--- START ---

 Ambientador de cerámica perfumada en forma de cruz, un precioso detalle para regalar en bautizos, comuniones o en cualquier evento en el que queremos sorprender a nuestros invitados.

--- END ---
--- START ---

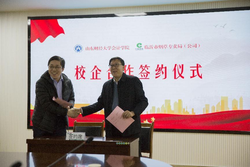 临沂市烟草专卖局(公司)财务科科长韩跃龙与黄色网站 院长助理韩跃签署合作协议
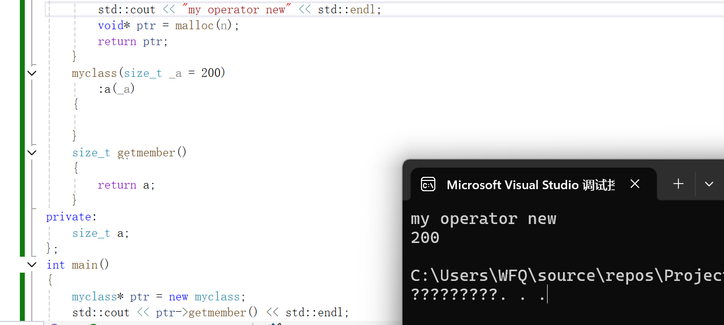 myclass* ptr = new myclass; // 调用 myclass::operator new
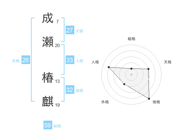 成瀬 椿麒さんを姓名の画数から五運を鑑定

--- END ---

**ABOUT THIS TASK**
Leaving all pictures out, output exactly the lines of the material above from the line with "临沂市烟草专卖局(公司)财务科科长韩跃龙与黄色网站 院长助理韩跃签署合作协议" to the line with "成瀬 椿麒さんを姓名の画数から五運を鑑定", both included.

**FINAL ANSWER**
 临沂市烟草专卖局(公司)财务科科长韩跃龙与黄色网站 院长助理韩跃签署合作协议
 myclass* ptr = new myclass; // 调用 myclass::operator new
 成瀬 椿麒さんを姓名の画数から五運を鑑定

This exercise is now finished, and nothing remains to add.